[Dataset excerpts]

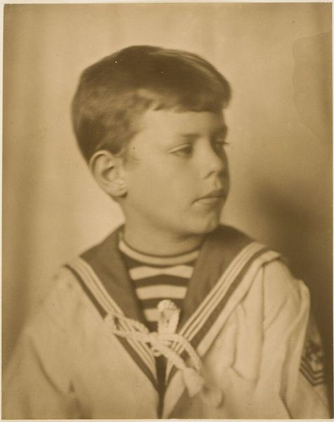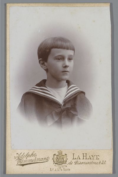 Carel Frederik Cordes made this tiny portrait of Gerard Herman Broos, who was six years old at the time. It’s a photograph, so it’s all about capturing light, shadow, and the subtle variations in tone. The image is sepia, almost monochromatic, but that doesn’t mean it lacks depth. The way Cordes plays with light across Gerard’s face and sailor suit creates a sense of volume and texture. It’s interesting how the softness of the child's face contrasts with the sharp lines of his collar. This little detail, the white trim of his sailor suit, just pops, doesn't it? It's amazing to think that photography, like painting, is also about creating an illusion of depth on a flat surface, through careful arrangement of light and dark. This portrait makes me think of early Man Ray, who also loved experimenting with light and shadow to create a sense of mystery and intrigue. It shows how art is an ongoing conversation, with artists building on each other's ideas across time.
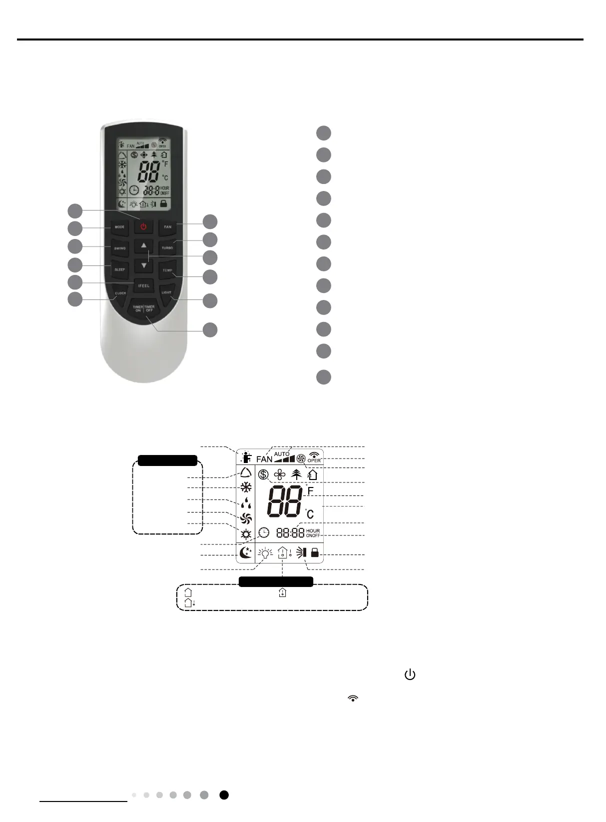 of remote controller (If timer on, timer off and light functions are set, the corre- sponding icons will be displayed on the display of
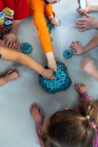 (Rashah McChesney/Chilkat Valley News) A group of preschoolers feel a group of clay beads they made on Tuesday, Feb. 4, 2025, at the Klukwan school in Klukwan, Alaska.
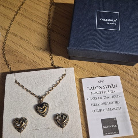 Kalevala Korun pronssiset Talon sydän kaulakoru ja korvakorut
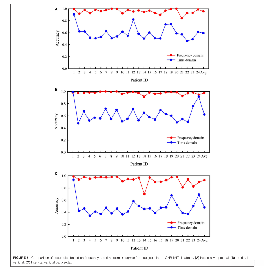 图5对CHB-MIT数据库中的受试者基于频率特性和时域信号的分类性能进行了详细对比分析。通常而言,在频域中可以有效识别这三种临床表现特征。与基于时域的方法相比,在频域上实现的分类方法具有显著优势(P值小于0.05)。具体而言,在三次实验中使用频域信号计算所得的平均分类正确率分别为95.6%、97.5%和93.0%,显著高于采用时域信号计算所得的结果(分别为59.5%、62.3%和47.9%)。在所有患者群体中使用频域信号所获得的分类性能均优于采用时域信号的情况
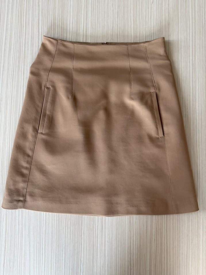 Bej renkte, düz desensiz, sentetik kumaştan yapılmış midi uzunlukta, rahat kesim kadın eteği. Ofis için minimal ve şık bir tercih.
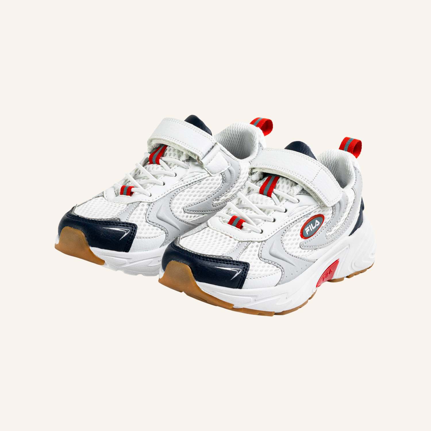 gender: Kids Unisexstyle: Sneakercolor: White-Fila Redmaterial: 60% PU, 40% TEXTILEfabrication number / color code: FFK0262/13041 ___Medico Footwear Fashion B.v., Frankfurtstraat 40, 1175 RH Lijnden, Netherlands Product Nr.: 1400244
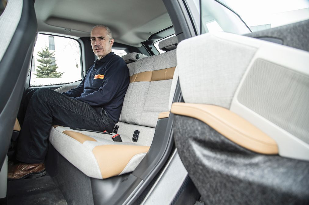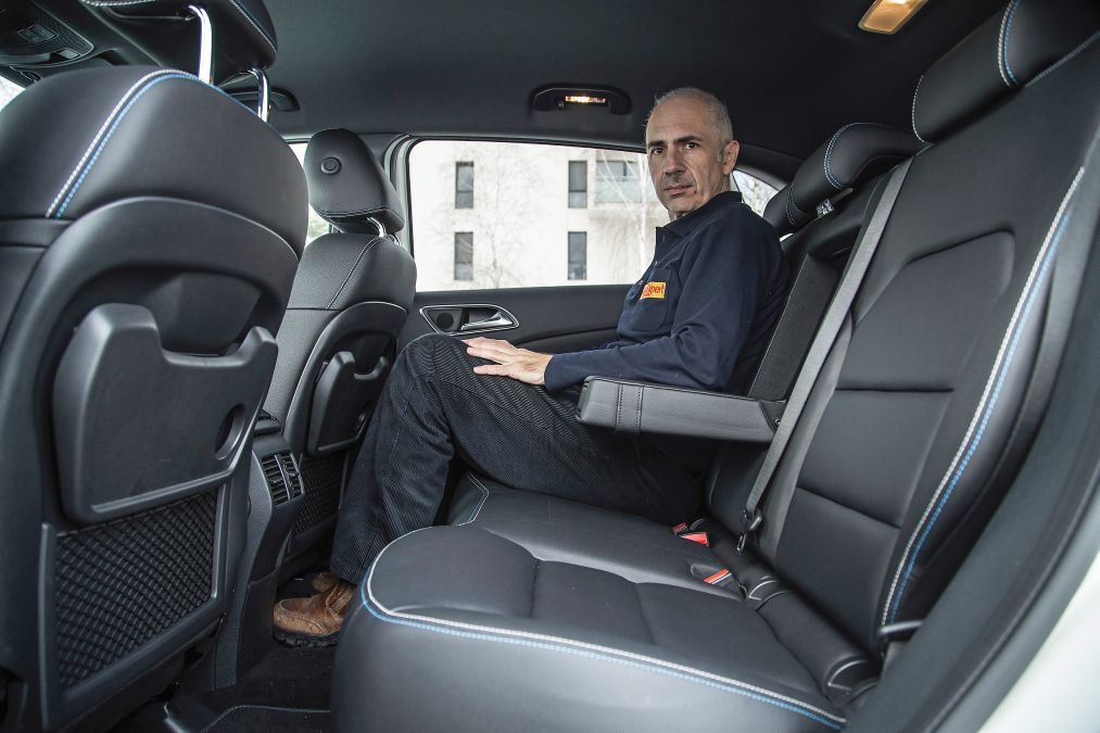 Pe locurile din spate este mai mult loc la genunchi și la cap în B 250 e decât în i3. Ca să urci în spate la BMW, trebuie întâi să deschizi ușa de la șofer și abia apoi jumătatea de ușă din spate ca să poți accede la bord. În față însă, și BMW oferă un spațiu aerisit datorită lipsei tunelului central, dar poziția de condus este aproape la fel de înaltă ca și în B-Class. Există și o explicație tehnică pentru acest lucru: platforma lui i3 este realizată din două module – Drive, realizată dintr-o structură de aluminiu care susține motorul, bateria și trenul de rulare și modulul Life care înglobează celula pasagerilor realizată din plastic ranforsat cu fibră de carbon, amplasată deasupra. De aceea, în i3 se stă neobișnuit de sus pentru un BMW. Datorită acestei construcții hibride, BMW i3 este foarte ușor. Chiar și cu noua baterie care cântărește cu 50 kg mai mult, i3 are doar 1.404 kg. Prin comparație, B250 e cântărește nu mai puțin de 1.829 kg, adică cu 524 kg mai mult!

PROBLEM:
Print exactly the lines from the first line of the records above through the line containing "(Rashah McChesney/Chilkat Valley", both included, and leave the pictures out.

EXERCISE SOLUTION:
 Carel Frederik Cordes made this tiny portrait of Gerard Herman Broos, who was six years old at the time. It’s a photograph, so it’s all about capturing light, shadow, and the subtle variations in tone. The image is sepia, almost monochromatic, but that doesn’t mean it lacks depth. The way Cordes plays with light across Gerard’s face and sailor suit creates a sense of volume and texture. It’s interesting how the softness of the child's face contrasts with the sharp lines of his collar. This little detail, the white trim of his sailor suit, just pops, doesn't it? It's amazing to think that photography, like painting, is also about creating an illusion of depth on a flat surface, through careful arrangement of light and dark. This portrait makes me think of early Man Ray, who also loved experimenting with light and shadow to create a sense of mystery and intrigue. It shows how art is an ongoing conversation, with artists building on each other's ideas across time.
 of remote controller (If timer on, timer off and light functions are set, the corre- sponding icons will be displayed on the display of
 (Rashah McChesney/Chilkat Valley News) A group of preschoolers feel a group of clay beads they made on Tuesday, Feb. 4, 2025, at the Klukwan school in Klukwan, Alaska.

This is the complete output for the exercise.